In this article for LIDW, Marcus Staff explores the impact of the UK Government’s Economic Crime and Corporate Transparency Bill on the legal profession and discusses how this bill shifts the importance of lawyers as key players in promoting the prevention and detection of economic crime. 

This article was originally published via LIDW.com on 13th April 2023

Author: Marcus Staff

 

There are ten Core Duties required of a barrister in England & Wales, notably included are the duty to keep the affairs of each client confidential (CD6, Bar Standards Board) and to take reasonable steps to manage your practice… in such a way as to achieve compliance with your legal and regulatory obligations (CD10, Bar Standards Board). These have long been reasonable expectations of lawyers general the world over, but which do present an increasingly difficult contrariety alongside the expanding scope of expectations of lawyers to police their clients.

In January 2023, the UK government confirmed that its Economic Crime and Corporate Transparency Bill (‘ECCT’, published September 2022) will seek to criminalise lawyers, accountants and even casinos who ‘fail to prevent’ crimes such as fraud, false accounting and money laundering. Such ‘failure to prevent’ crimes already exist for bribery (introduced in 2010) and tax evasion (introduced in 2017). This type of offence is easier to prosecute because prosecutors need only prove that an organisation lacked ‘reasonable’ or ‘adequate’ controls to prevent wrongdoing.

Indeed, there has been a general consensus for some time that current legislation is lacking. For white-collar crimes such as fraud by companies, prosecutors currently need to prove that a ‘directing mind’ at the organisation intended to commit the offence. In 2020, this high bar for corporate liability meant that the CEO, CFO and another senior banker were not considered to be the ‘directing mind and will’ of Barclays (Serious Fraud Office v Barclays plc and Barclays Bankplc EWHC [2018], together ‘Barclays’). All three defendants were acquitted after a five-month jury trial and the SFO faced steep criticism in what many had hoped would be a landmark UK prosecution of white-collar crime.

However, the recent move towards a much broader application of ‘failure to prevent’ offences raises concerns over how lawyers are expected to reconcile their duties to their clients with their compliance with laws and regulations. Indeed, Baroness Drake, Chair of the Constitution Committee, has raised concerns that the new regulatory objective of “promoting the prevention and detection of economic crime” (clause 183, inserted into the Legal Services Act 2007)… imposes an uncertain additional duty on all lawyers’. She adds that ‘it is not clear what this duty would entail in practice… and could be read to involve assisting or participating in the prevention and detection of economic crime’. Moreover, if this is the case this would ‘clearly risk upsetting the balance between [the duty to act with independence and integrity, to keep clients’ affairs confidential, and to act in the best interests of the client]. She concludes that ‘if this impinges on legal professional privilege or the duty to act in the best interests of the client there is a risk to access to justice and therefore, potentially, to the rule of law’ (Letter to Lord Johnson of Lainston, 28 February 2023, here). 

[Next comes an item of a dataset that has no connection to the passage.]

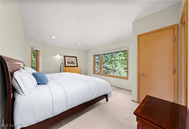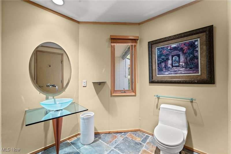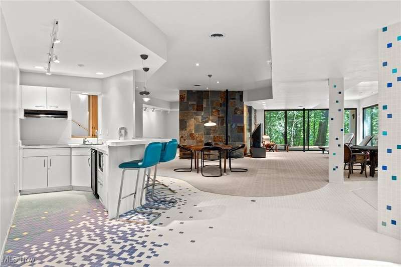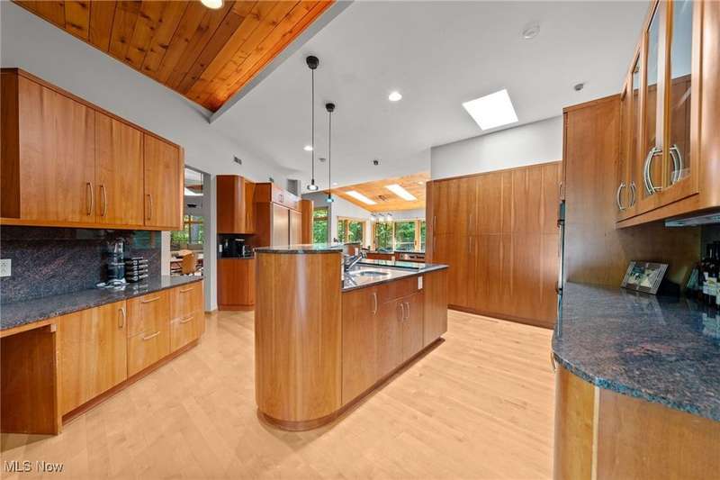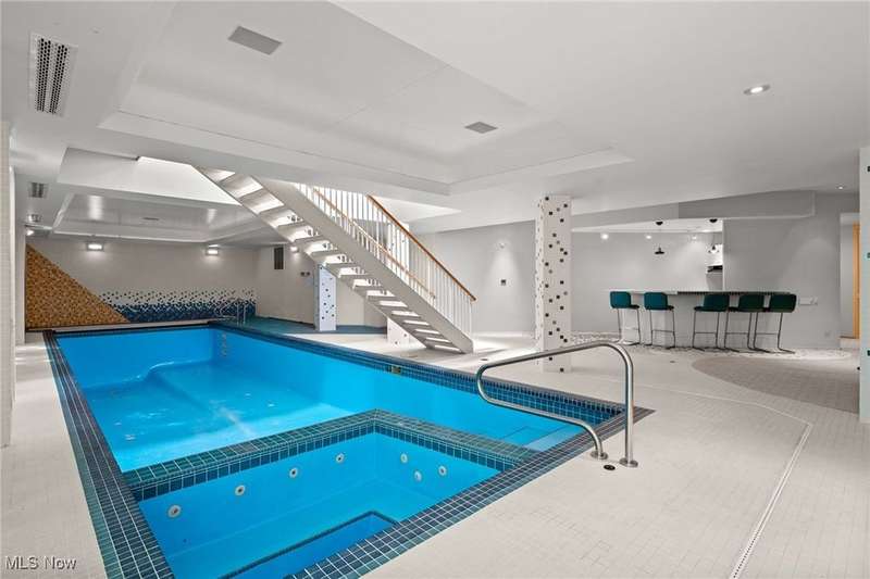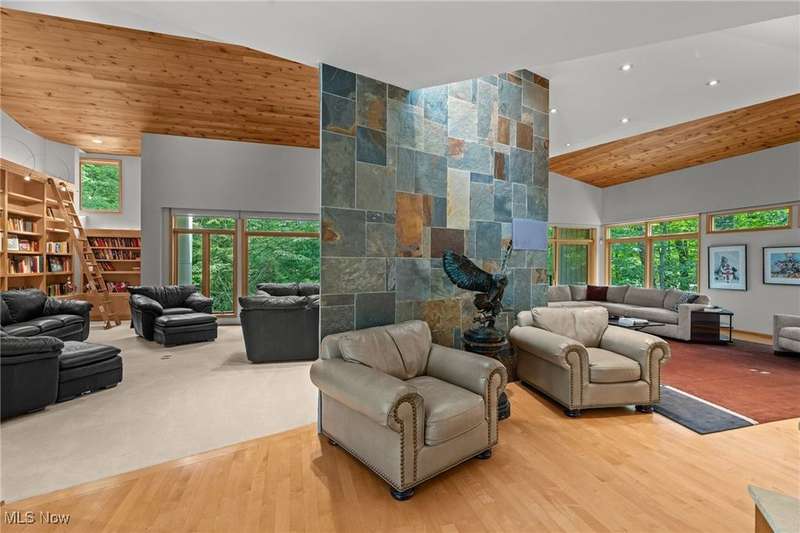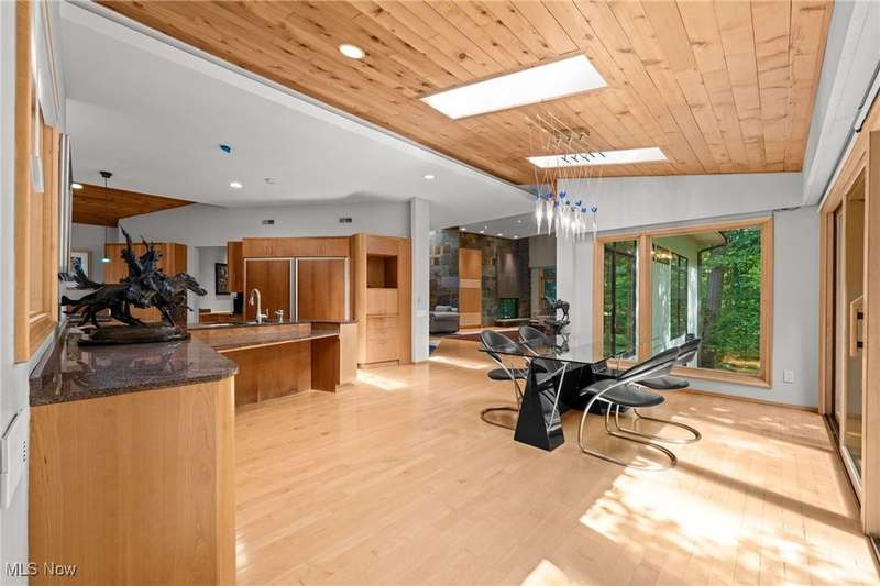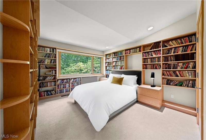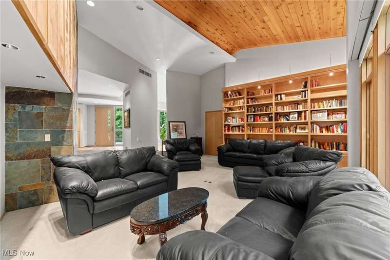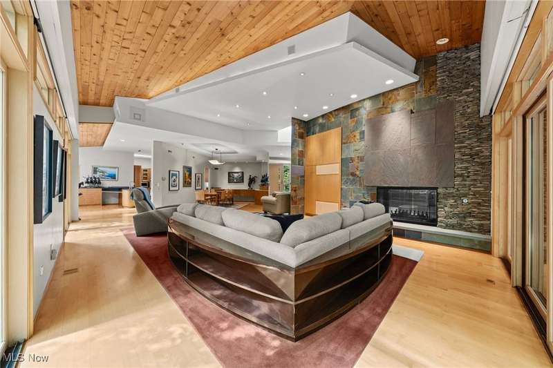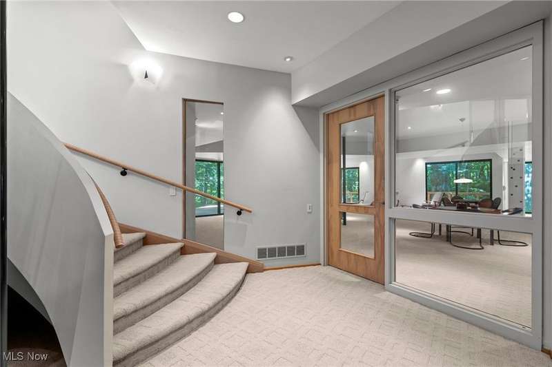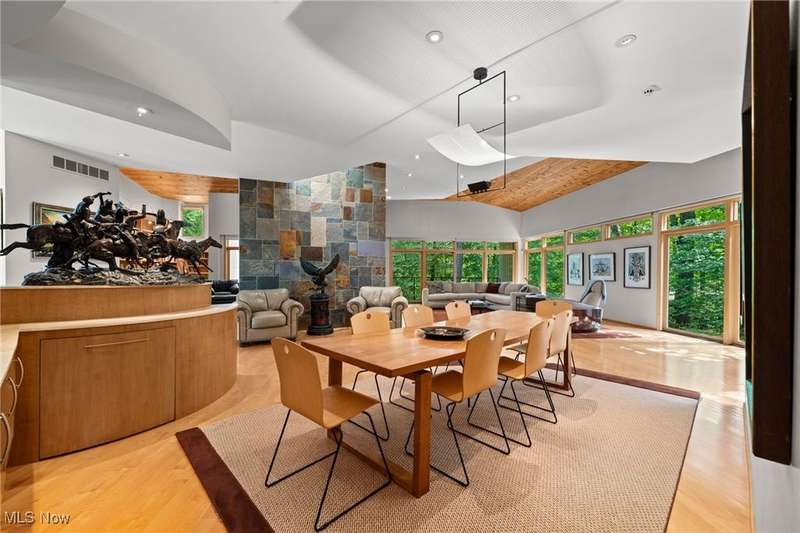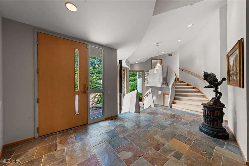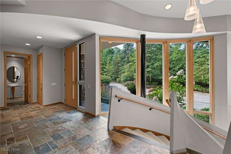 Remarkable modern design by Tony Crisafi (California architect) with a Frank LLoyd Wright influence. Sited on a gorgeous, wooded lot with a beautiful meandering creek, this home is designed for entertaining! A dramatic entry foyer with curved stairway opens onto the fabulous living area which consists of a great room and library separated by a dramatic fireplace, an open kitchen, and a fabulous dining room. These rooms all flow seamlessly together, have walls of glass to let the outdoors inside, and custom built-ins throughout! The first-floor owner's suite has dual bathrooms, a walk-in closet, and glorious views. The second floor of this home has 3 bedrooms and 2 full bathrooms! A mezzanine level down a couple of steps from the foyer features a huge multi-purpose room which can be a studio, exercise room, game room, or more! And then there is the one-of-a-kind walkout lower level which is simply second to none! There is an indoor lap pool, spa, family room, media room, and bar area! All of this is surrounded by walls of windows which overlook the beautiful landscape. This home as an elevator, wrap around decks, steam room, and lighting system! A truly one-of-a-kind property on one of Moreland Hills most sought after cul de sac streets!

Looking more closely at the details of the ECCT, the Solicitors Regulation Authority (SRA) will have unlimited fining powers over its members (despite those powers having only recently been increased from £2000 to £25 000 in relation to traditional firms and individuals). The SRA itself has urged the government to ‘carefully consider the proportionality of any further increases… given that there has been little evidence of the effectiveness or otherwise of the most recent changes’. The SRA also suggested that the objective should have a much ‘narrower focus to target the areas of economic crime that pose most risk for the legal sector’ (SRA press release, 9 February 2023, here). The Bar Council has also pointed out that the ECCT ‘would add a regulatory objective in relation to promoting the prevention and detection of economic crimes to the LSA meaning the BSB and LSB would have to create a new workstream to their regulatory duties, at additional cost which may have to be passed onto clients’. Mark Fenhalls KC, Chair of the Bar Council said ‘The legal professions are already subject to targeted anti-money laundering legislation and a new regulatory objective may not be compatible with our role in representing clients. At worst it sends the wrong message to the general public about the role of lawyers’. He added that Government should ‘focus on the real problem – fix the issues with Action Fraud and properly fund the investigation and prosecution of economic crime’ (Bar Council press release, 22 September 2022, here).

So, it seems that the ECCT is likely to make the scope and purpose of legal practice more confused, access to legal services more expensive, all the while making the tackling of economic crime less effective. Indeed, looking at the already enacted ‘failure to prevent’ offence concerning tax evasion, prosecutions have plummeted in recent years with HMRC prosecuting only eight cases in the past two years for the enabling of tax evasion (Financial Times, 6 March 2023, here). It begs the question, then, whether the government has simply gone a little BONGO?